(Saved data entries)
########

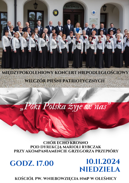 " W niedzielę 10 listopada b. r. w ramach uroczystości niepodległościowych w naszej gminie miał miejsce międzypokoleniowy koncert pieśni patriotycznych pod nazwą Póki Polska żyje w nas. Wiele znanych i kilka mniej znanych pieśni patriotycznych wykonali artyści z Chóru Mieszanego Echo z Krosna pod dyrygenturą Pani Marioli Rybczak i przy akompaniamencie Pana Grzegorza Przepióry.
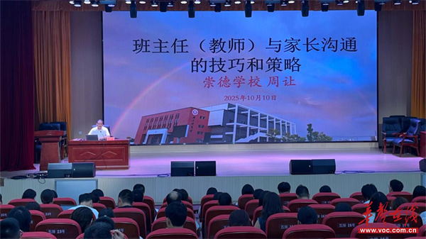 华声在线10月11日讯(通讯员 周大欢 欧林杰 王永明)10月10日晚,宁远一中崇德学校聚焦班主任能力提升,组织开展专题培训活动,全校班主任全员参与,共同探索家校协同育人新路径。本次培训由学校教科室主任崔家宝主持,党委副书记、校长周让担任主讲。
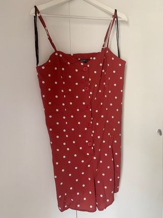 mono de verano de tejido tipo crepe con forro de algodon, es rojo ton topitos blancos y es de talla L, se abrocha por detras con una cremallera. #mono #verano #ropafresca #prendafresca #rojolunares #topos #topitos
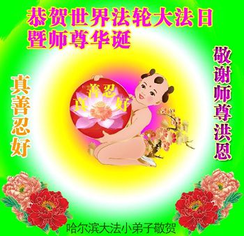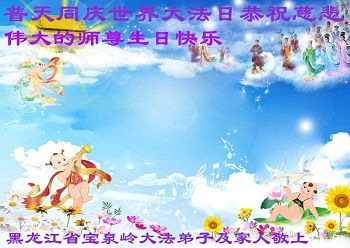 学法得法 修炼无价 身体健康 思想升华 去掉自我 真善忍同化 生命永恒 目标远大 多救世人 助师正法 感谢师尊 感谢大法 佳木斯大法弟子 黑龙江佳木斯大法弟子恭祝伟大师尊生日快乐!并祝贺世界法轮大法日!
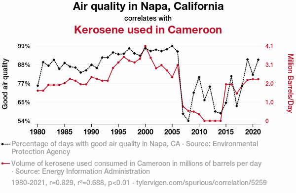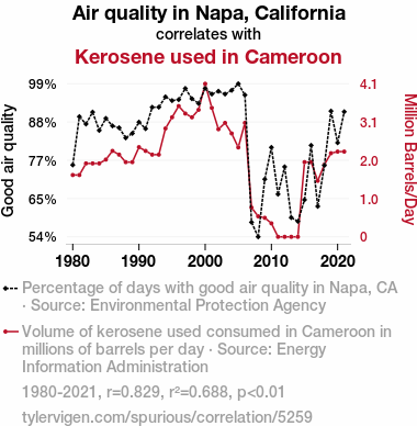 This means 68.8% of the change in the one variable (i.e., Kerosene used in Cameroon) is predictable based on the change in the other (i.e., Air quality in Napa, California) over the 42 years from 1980 through 2021.
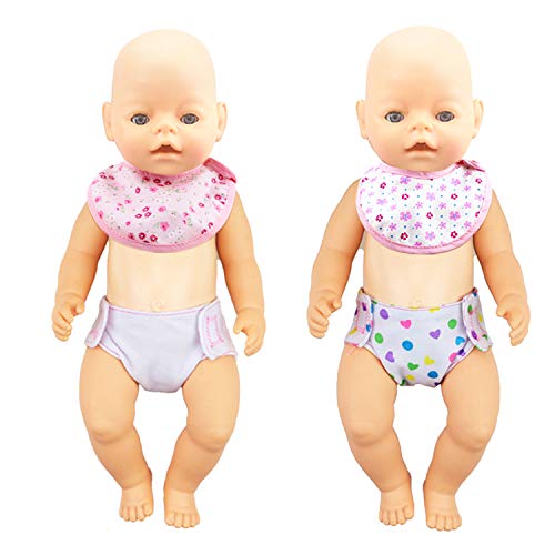 Diealles Shine 4 Pezzi Pannolini per Bambole e 2 Pezzi Bavaglini per Bambole, Accessori per 14-16" Bambolotti

########

__WHAT IS REQUIRED__
What is needed is an exact copy of the data, with the pictures removed.

__THE COMPLETED TASK__
 " W niedzielę 10 listopada b. r. w ramach uroczystości niepodległościowych w naszej gminie miał miejsce międzypokoleniowy koncert pieśni patriotycznych pod nazwą Póki Polska żyje w nas. Wiele znanych i kilka mniej znanych pieśni patriotycznych wykonali artyści z Chóru Mieszanego Echo z Krosna pod dyrygenturą Pani Marioli Rybczak i przy akompaniamencie Pana Grzegorza Przepióry.
 华声在线10月11日讯(通讯员 周大欢 欧林杰 王永明)10月10日晚,宁远一中崇德学校聚焦班主任能力提升,组织开展专题培训活动,全校班主任全员参与,共同探索家校协同育人新路径。本次培训由学校教科室主任崔家宝主持,党委副书记、校长周让担任主讲。
 mono de verano de tejido tipo crepe con forro de algodon, es rojo ton topitos blancos y es de talla L, se abrocha por detras con una cremallera. #mono #verano #ropafresca #prendafresca #rojolunares #topos #topitos
 学法得法 修炼无价 身体健康 思想升华 去掉自我 真善忍同化 生命永恒 目标远大 多救世人 助师正法 感谢师尊 感谢大法 佳木斯大法弟子 黑龙江佳木斯大法弟子恭祝伟大师尊生日快乐!并祝贺世界法轮大法日!
 This means 68.8% of the change in the one variable (i.e., Kerosene used in Cameroon) is predictable based on the change in the other (i.e., Air quality in Napa, California) over the 42 years from 1980 through 2021.
 Diealles Shine 4 Pezzi Pannolini per Bambole e 2 Pezzi Bavaglini per Bambole, Accessori per 14-16" Bambolotti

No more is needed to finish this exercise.